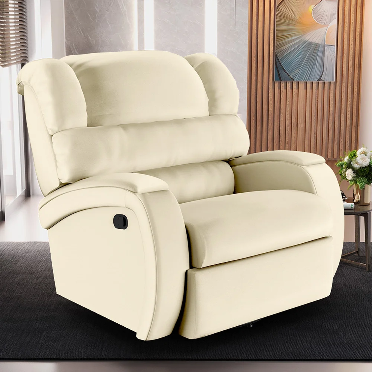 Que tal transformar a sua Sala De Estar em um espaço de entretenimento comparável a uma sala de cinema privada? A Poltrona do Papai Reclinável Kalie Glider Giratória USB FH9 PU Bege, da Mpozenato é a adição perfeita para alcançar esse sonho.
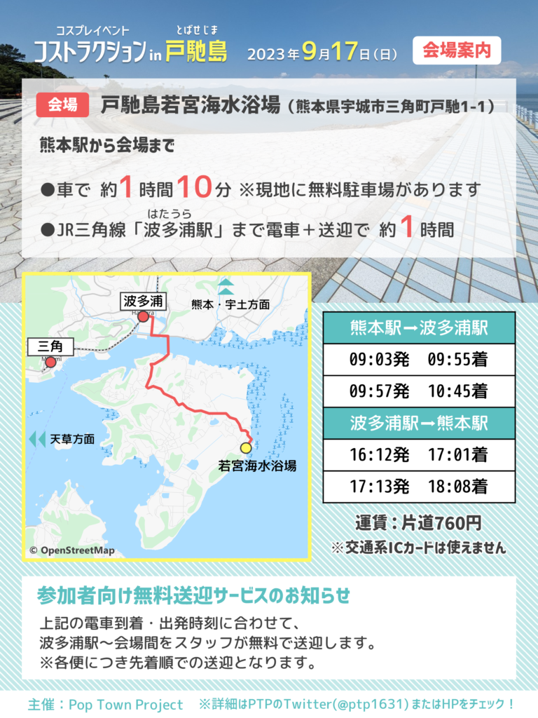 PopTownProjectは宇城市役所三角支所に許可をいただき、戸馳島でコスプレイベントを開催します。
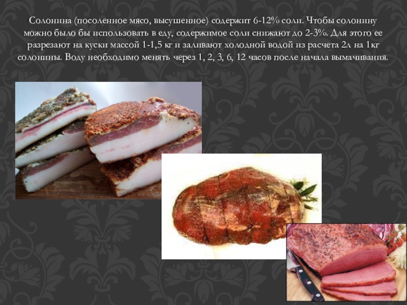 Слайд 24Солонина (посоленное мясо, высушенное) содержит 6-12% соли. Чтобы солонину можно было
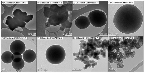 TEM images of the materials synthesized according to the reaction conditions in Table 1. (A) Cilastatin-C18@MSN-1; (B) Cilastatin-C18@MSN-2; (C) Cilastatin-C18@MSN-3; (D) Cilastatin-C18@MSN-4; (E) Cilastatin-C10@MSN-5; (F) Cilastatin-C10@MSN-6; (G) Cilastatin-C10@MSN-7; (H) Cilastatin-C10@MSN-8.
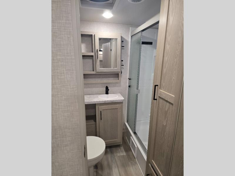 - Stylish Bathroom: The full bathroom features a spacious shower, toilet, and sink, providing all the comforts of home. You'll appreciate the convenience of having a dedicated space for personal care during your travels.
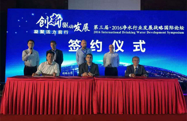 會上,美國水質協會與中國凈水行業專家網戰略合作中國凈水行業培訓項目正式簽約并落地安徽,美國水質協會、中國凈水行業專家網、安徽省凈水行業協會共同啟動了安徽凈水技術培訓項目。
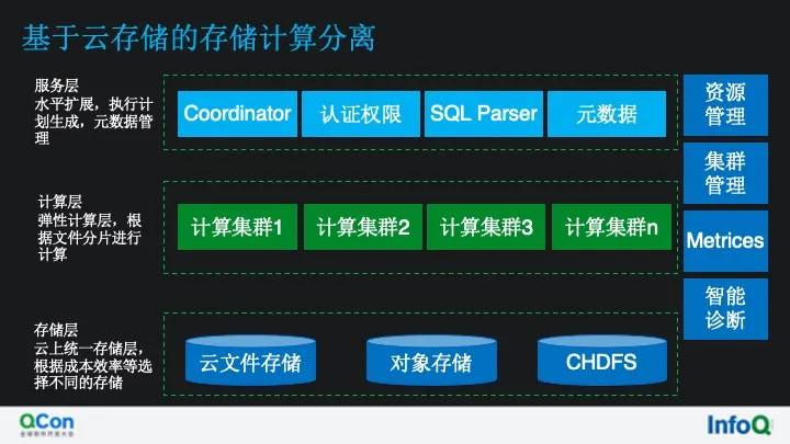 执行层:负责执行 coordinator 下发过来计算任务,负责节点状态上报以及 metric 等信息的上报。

• • • •

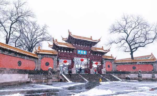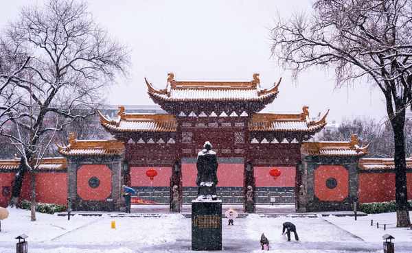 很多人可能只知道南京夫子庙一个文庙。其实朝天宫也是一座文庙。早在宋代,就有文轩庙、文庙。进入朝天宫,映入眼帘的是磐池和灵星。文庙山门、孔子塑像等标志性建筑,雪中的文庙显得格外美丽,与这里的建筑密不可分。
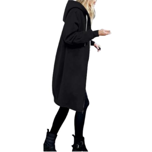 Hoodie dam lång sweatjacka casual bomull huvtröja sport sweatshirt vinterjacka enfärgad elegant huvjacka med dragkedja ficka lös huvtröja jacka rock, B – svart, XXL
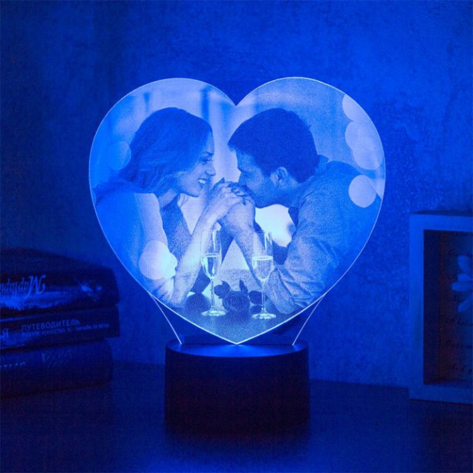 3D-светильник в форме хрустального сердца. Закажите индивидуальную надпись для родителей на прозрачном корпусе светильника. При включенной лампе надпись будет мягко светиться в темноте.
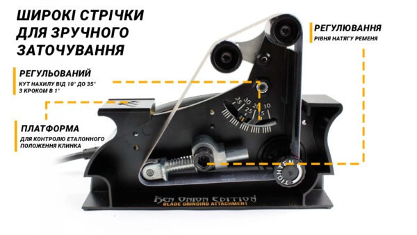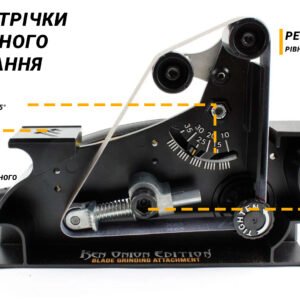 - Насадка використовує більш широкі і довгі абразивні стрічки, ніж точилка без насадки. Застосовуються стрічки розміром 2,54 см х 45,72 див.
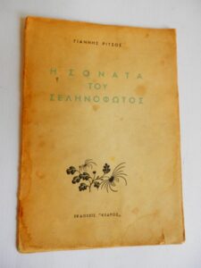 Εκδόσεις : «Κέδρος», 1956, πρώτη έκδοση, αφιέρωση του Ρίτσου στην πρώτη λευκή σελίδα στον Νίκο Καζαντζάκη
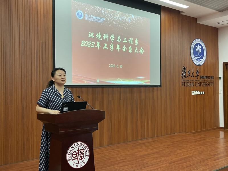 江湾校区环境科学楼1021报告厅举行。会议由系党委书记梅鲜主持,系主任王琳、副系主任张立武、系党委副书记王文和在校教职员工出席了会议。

• • • •

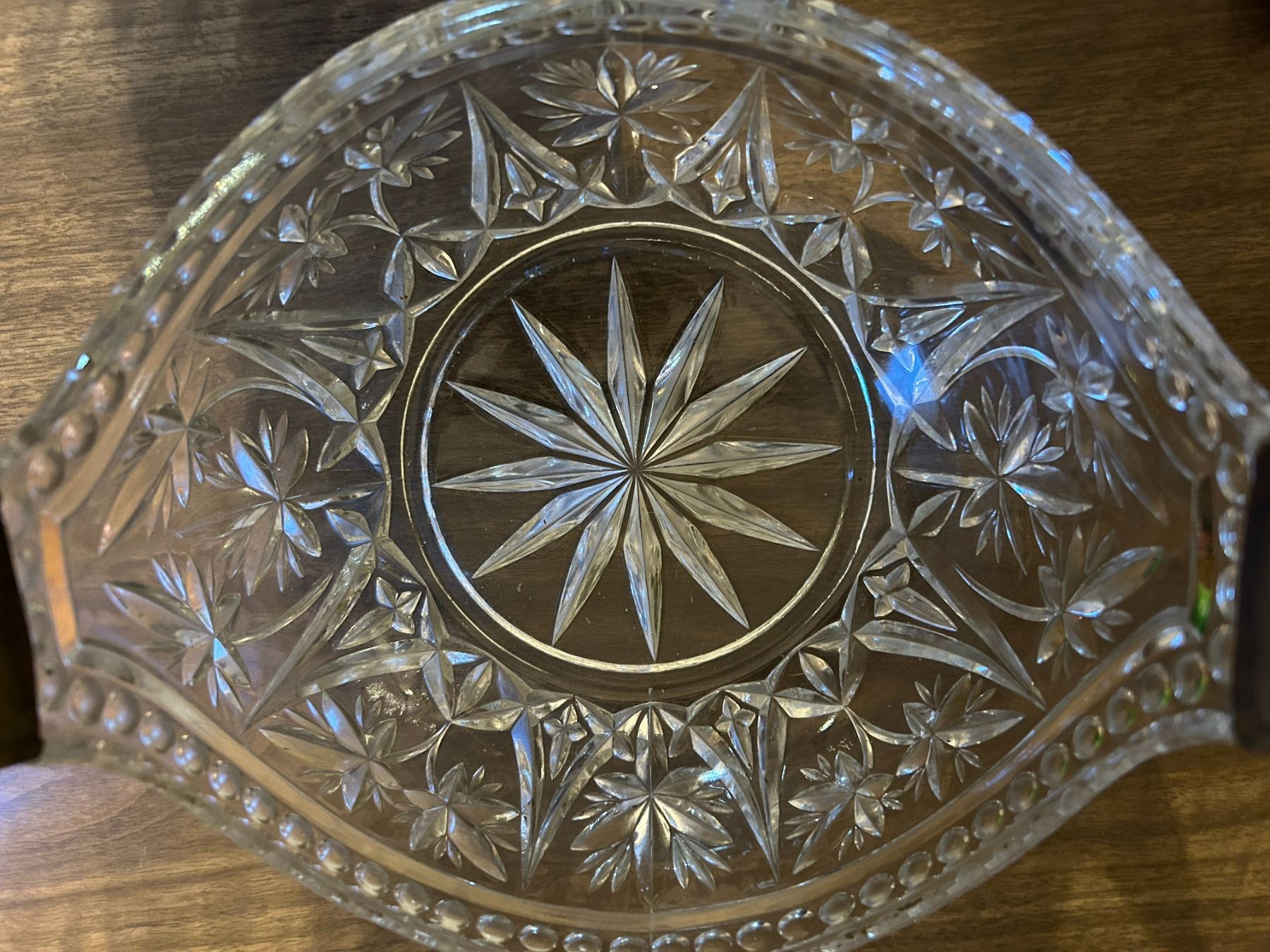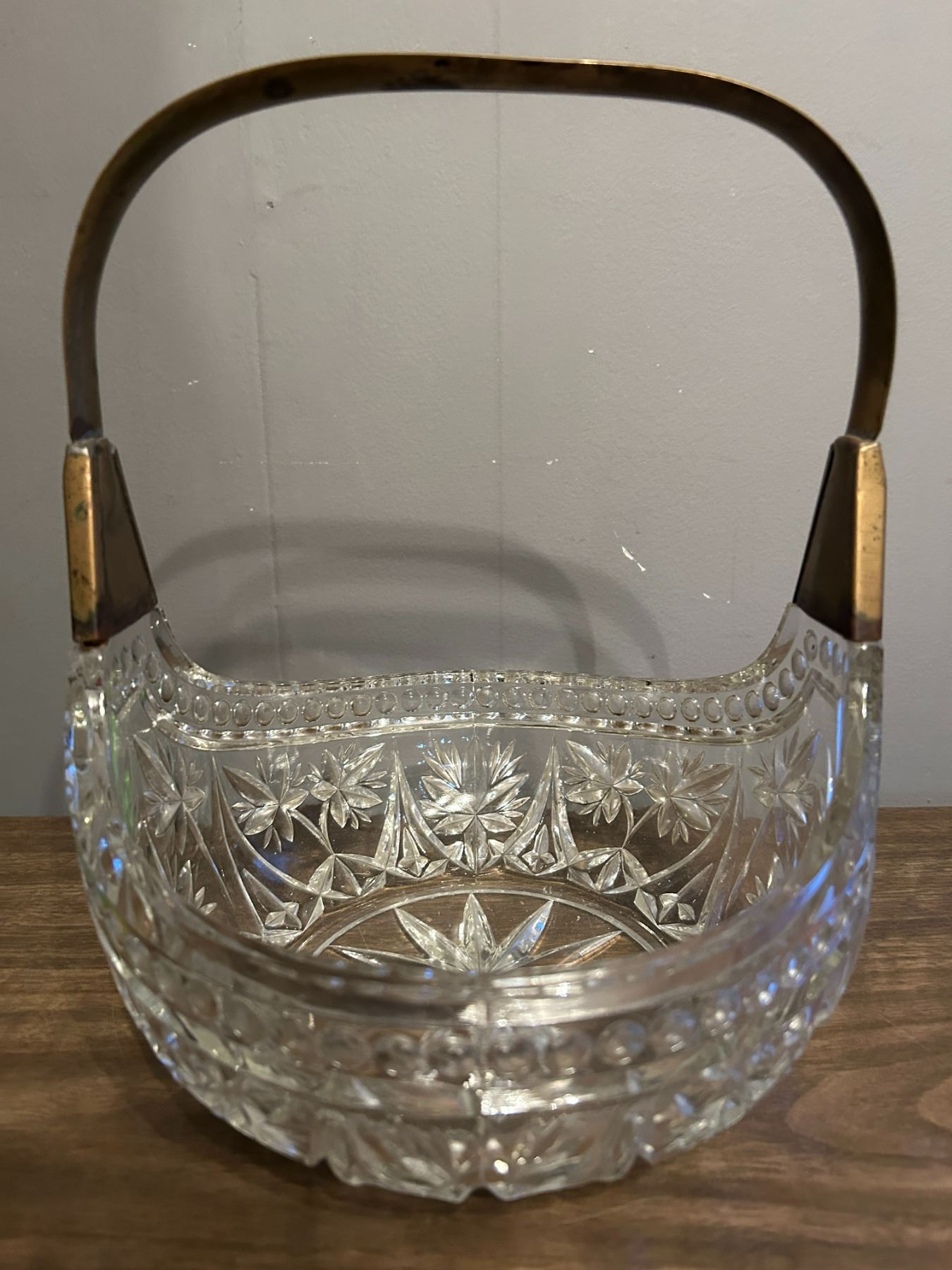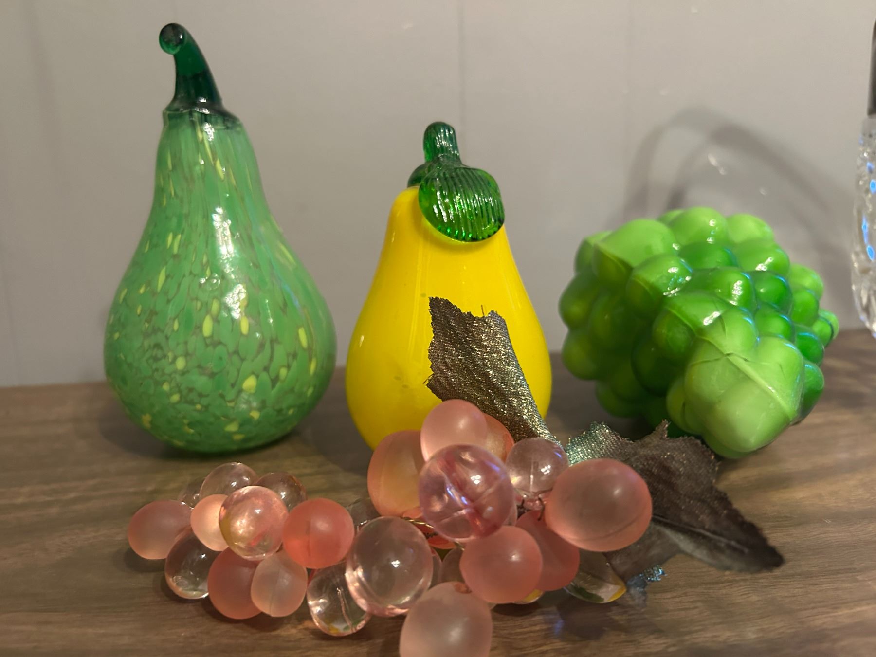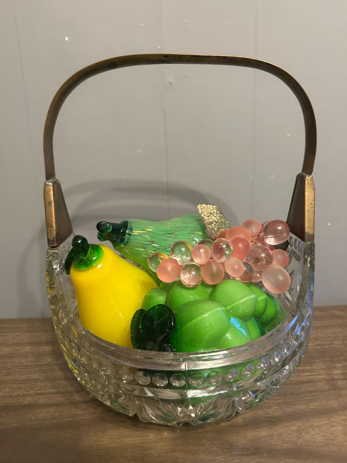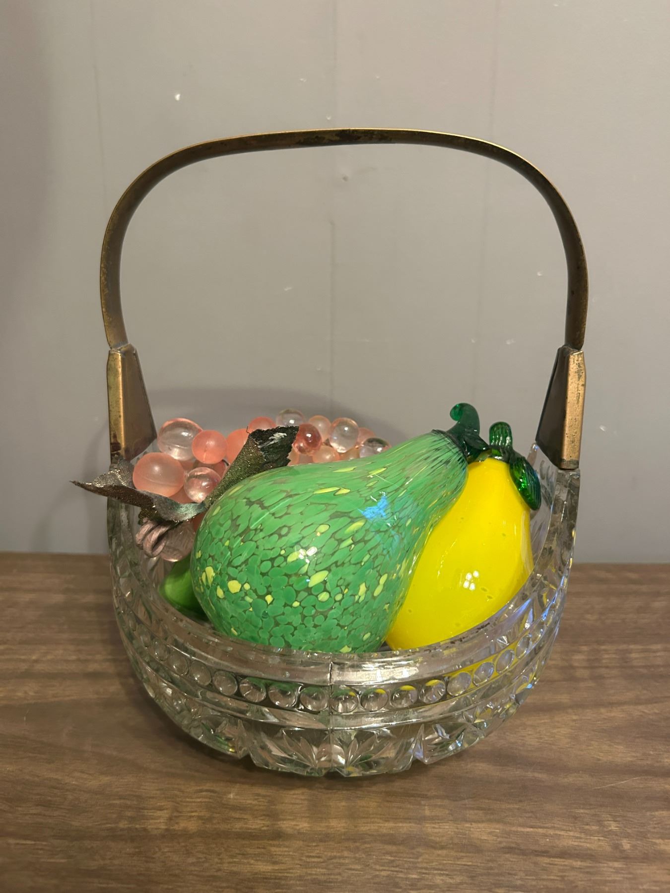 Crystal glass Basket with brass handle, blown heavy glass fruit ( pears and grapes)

• • • •

» **THE TASK**:
In the entries above, every line from the line with "PopTownProject" to the line with "Слайд 24Солонина (посоленное" is to be printed exactly, with both ends included and pictures excluded.

» **RESPONSE BOX**:
 PopTownProjectは宇城市役所三角支所に許可をいただき、戸馳島でコスプレイベントを開催します。
 Слайд 24Солонина (посоленное мясо, высушенное) содержит 6-12% соли. Чтобы солонину можно было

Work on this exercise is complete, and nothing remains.